[EXERCISE OBJECTIVE] Every entry below is to be copied word for word, with its pictures removed.

-------- RECORDED INFORMATION

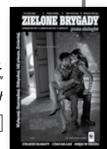
„Zielone Brygady. Pismo Ekologów” nr 5 (219)/2006, 5 zł
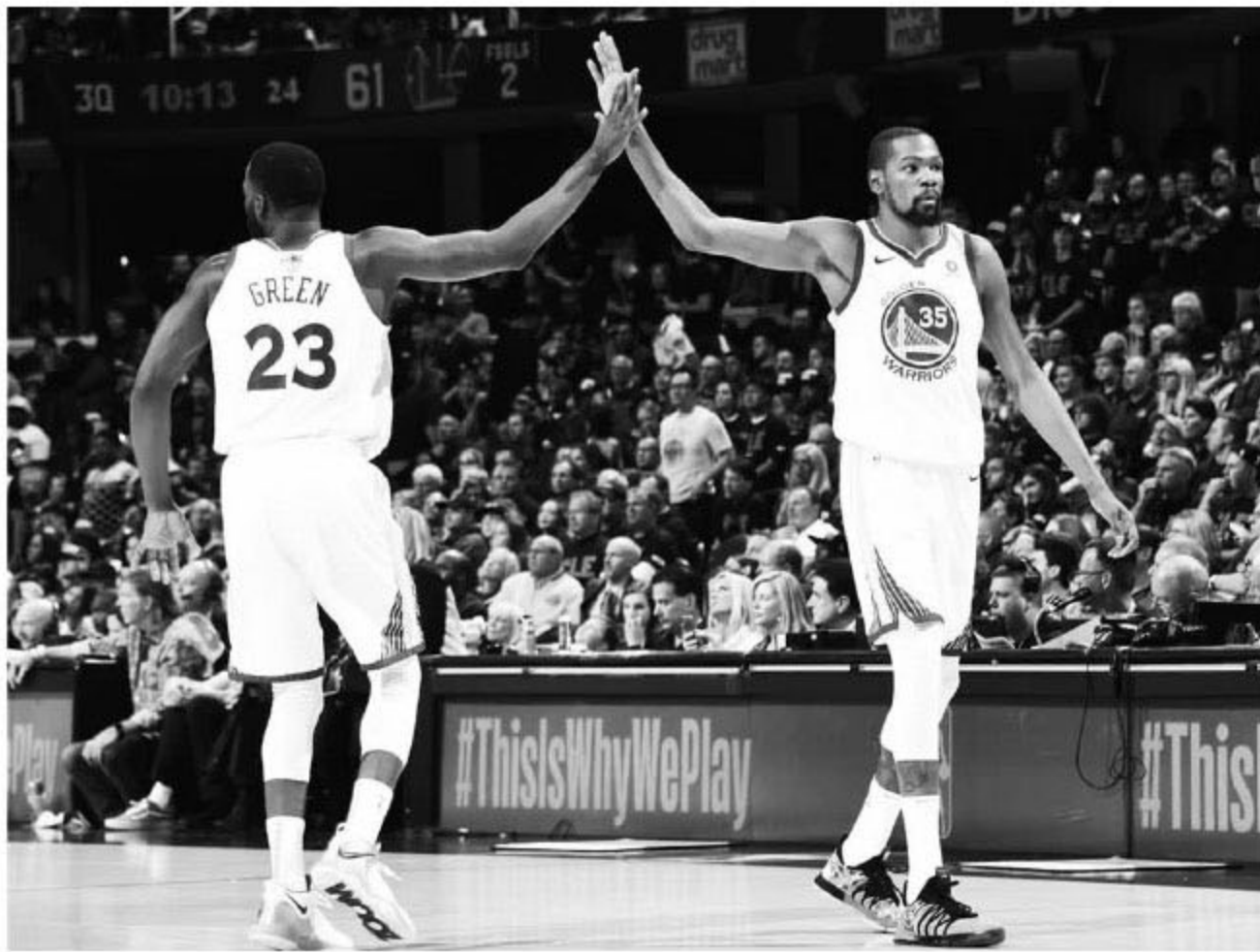
教练,我不得不说我相当奢侈。”

“我们拥有许多能够得分并填补队友空缺的球员。如果队中的某一名球员今晚状态不佳,他们总是可以互相帮助,非出困境。”勇士主教练科尔说道。“作为主
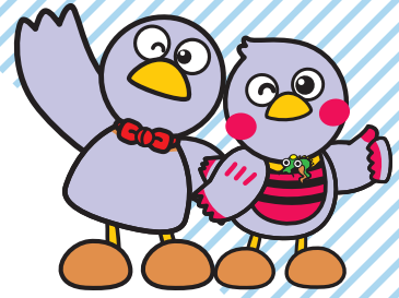
埼玉県マスコット コバトン&さいたまっちゃん
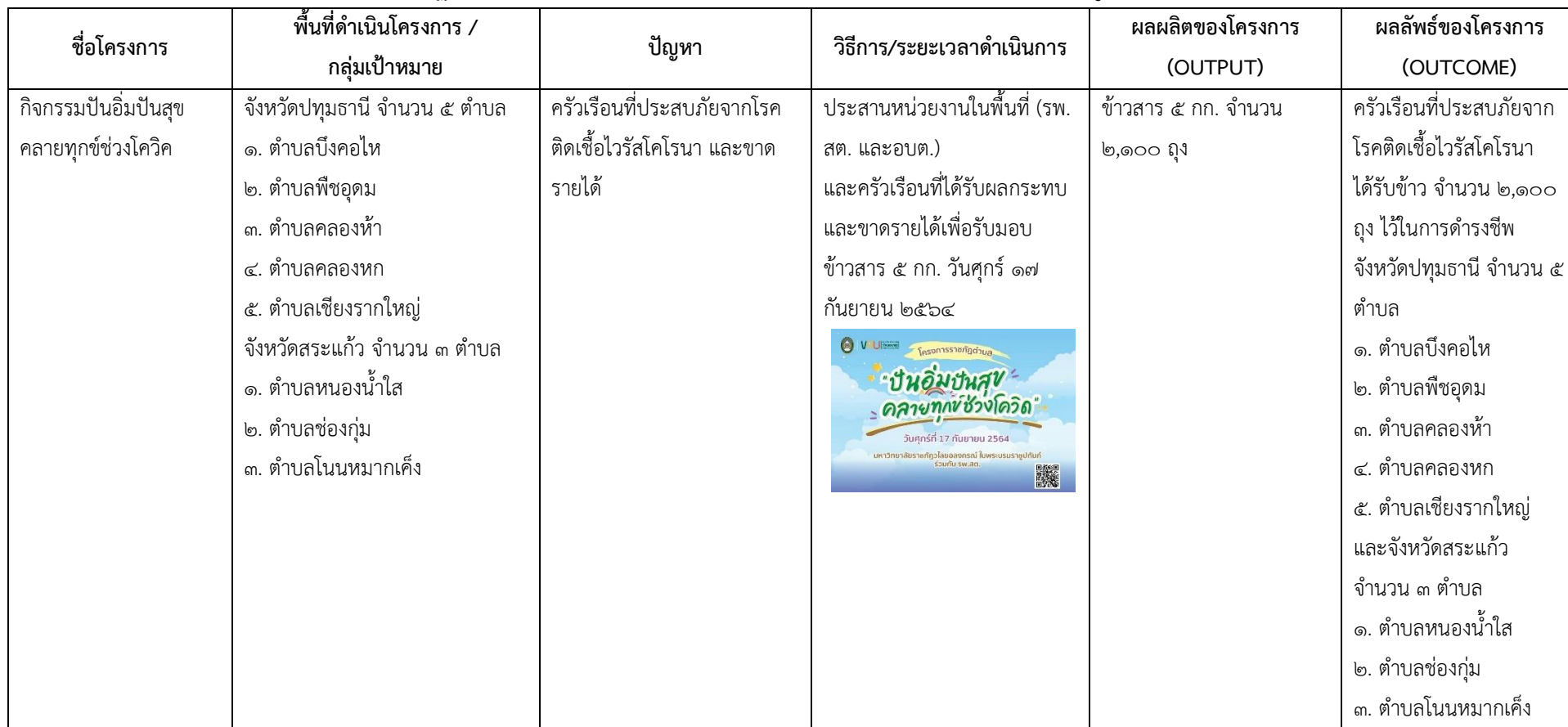
ตารางที่ ๒๓: โครงการ/กิจกรรมที่มหาวิทยาลัยราชภัฏรำไพพรรณีดำเนินการช่วยเหลือท้องถิ่น ในช่วงหลังการแพร่ระบาด COVID-๑๙ (ระยะฟื้นฟู)

----------------

[OUTPUT BELOW]
„Zielone Brygady. Pismo Ekologów” nr 5 (219)/2006, 5 zł
教练,我不得不说我相当奢侈。”

“我们拥有许多能够得分并填补队友空缺的球员。如果队中的某一名球员今晚状态不佳,他们总是可以互相帮助,非出困境。”勇士主教练科尔说道。“作为主
埼玉県マスコット コバトン&さいたまっちゃん
ตารางที่ ๒๓: โครงการ/กิจกรรมที่มหาวิทยาลัยราชภัฏรำไพพรรณีดำเนินการช่วยเหลือท้องถิ่น ในช่วงหลังการแพร่ระบาด COVID-๑๙ (ระยะฟื้นฟู)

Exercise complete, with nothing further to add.